Zero Trust secures remote access
The report's findings also show that the number of VPN-specific security threats has increased. According to the report, 44 percent of cybersecurity professionals have seen an increase in attacks on their companies' VPNs over the past year due to remote working. The use of conventional VPN architectures allows too many external accesses to pass unhindered. Malicious actors exploit the attack surface to penetrate networks and launch ransomware, phishing attacks, denial of service attacks, and other methods to exfiltrate critical business data.

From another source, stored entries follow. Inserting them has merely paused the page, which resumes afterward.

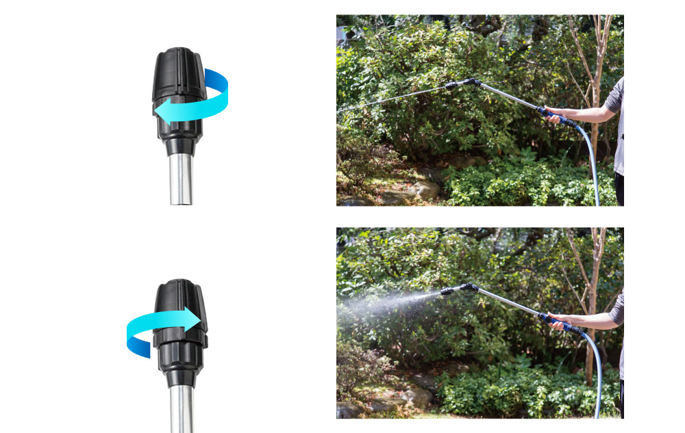 ノズルの先端を回すことで水形が変えられます。ジェットモード強力な水流でピンポイントで汚れを洗浄できます。頑固な汚れや細部の洗浄に適しています。ワイドモード広範囲を一度に洗浄でき、外壁や車の洗浄など広い面積の洗浄に適しています。
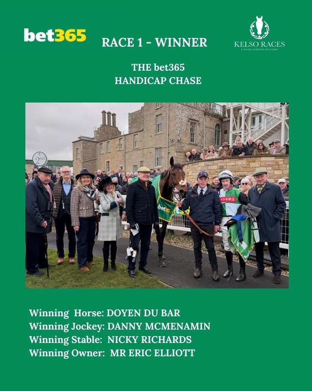 Doyen Du Bar Scorches to Success for Nicky Richards and owner Eric A Elliott at Kelso on Saturday
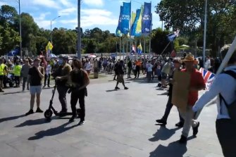 The protest group have appeared weekly on the streets of Melbourne throughout the pandemic, and today’s rally – planned before the Djokovic saga started – was to be focused on opposing vaccinating children for COVID-19.
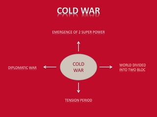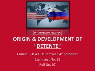 This document discusses the origins and development of detente during the Cold War between the US and USSR. It outlines the phases of the Cold War from 1946-1976. Detente emerged during the third phase from 1953-1957 as tensions grew but the two superpowers also engaged in some negotiations. The fourth phase from 1957-1962 saw some peaceful exchanges but also the Cuban Missile Crisis. The fifth phase led to a nuclear test ban treaty in 1963 but disputes remained. The sixth phase created a more suitable climate for detente, culminating in arms limitation treaties in 1972-1973 as cooperation increased between the US and USSR.
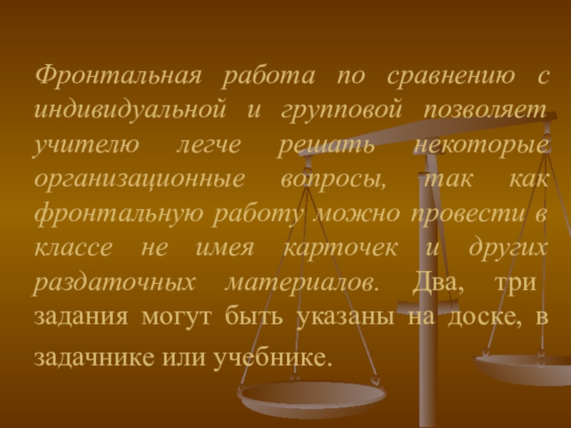 Слайд 9Фронтальная работа по сравнению с индивидуальной и групповой позволяет учителю легче
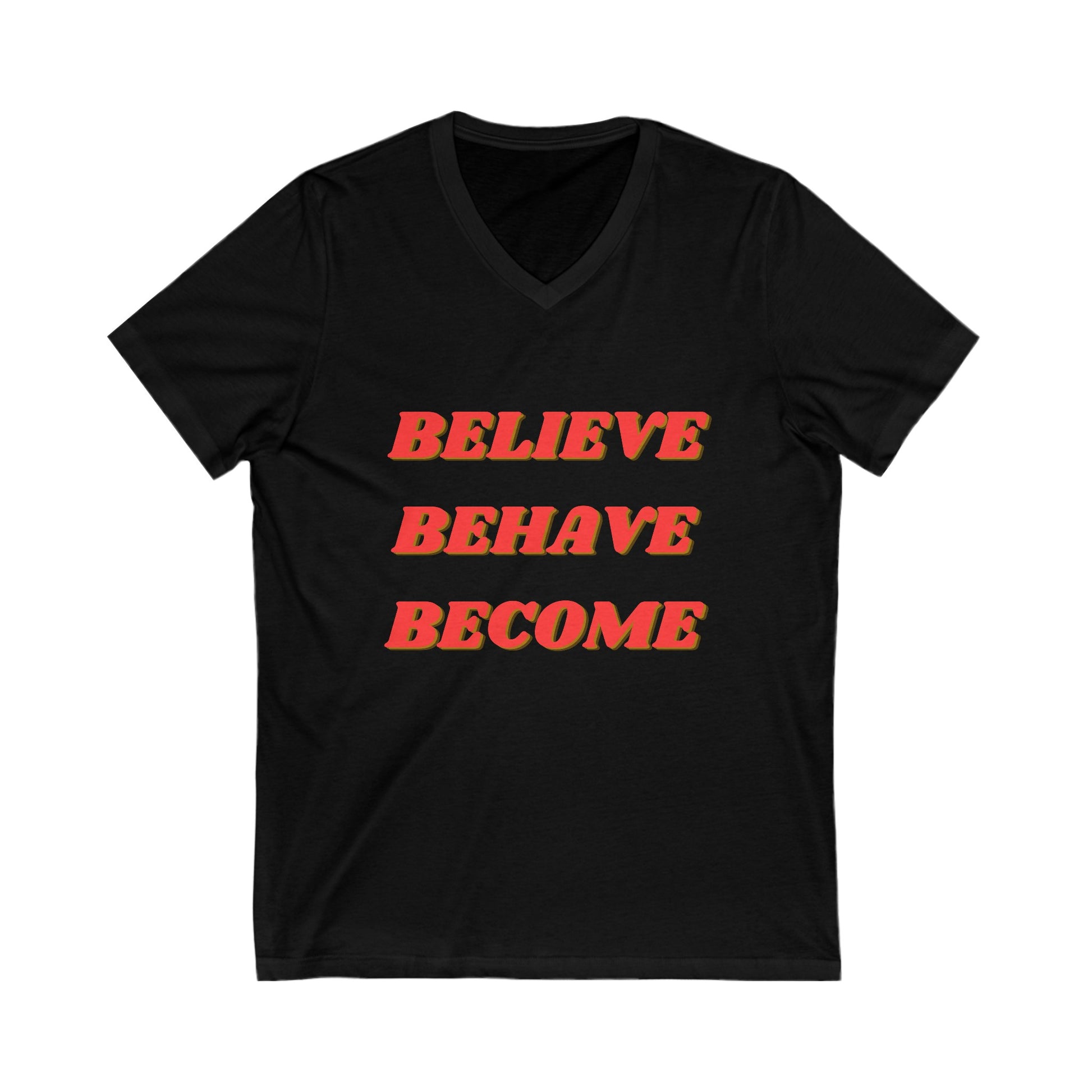 Believe Behave Become - Unisex Jersey Short Sleeve V-Neck Tee
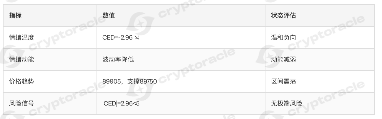 - 情绪整体中性偏负,日内波动显著但未出现极端值(|CED|>10)

95 percent use VPN for hybrid work!
However, 95 percent of the companies surveyed still rely on VPNs to enable hybrid work and distributed work environments across branches. In addition to employees in remote locations, large companies often allow other external third parties such as customers, partners and contractors access to the network. In some cases, these users connect from untrusted devices over insecure networks and are given far more access permissions than necessary, leading to additional security risks. In contrast to VPNs that are complex to manage, a Zero Trust architecture improves the company's IT security without compromising user-friendliness. Such an approach makes the company's application landscape invisible to attackers on the Internet: What is not exposed on the Web cannot be attacked either.
Danger recognized - and banned?
However, 68 percent of the companies surveyed already stated that they are accelerating their zero trust projects, among other things due to the switch to hybrid working environments. Unlike VPNs, with the Zero Trust architecture, all network communications are considered potentially hostile and access is granted to authorized users first using identity-based validation policies. This ensures that IT and security teams exclude users - employees and third parties alike - from unauthorized applications. Granular access rights at the level of the individual application, without opening the entire network to users, prevent malware from spreading laterally in the network.
Since major security incidents and ransomware attacks that started over VPNs, traditional remote access technology has been considered one of the weakest links in the cybersecurity chain due to its vulnerability. Architectural flaws provide an entry point for threat actors and allow them to move laterally, leaving nearly two-thirds (65 percent) of the organizations surveyed considering alternatives for their remote access.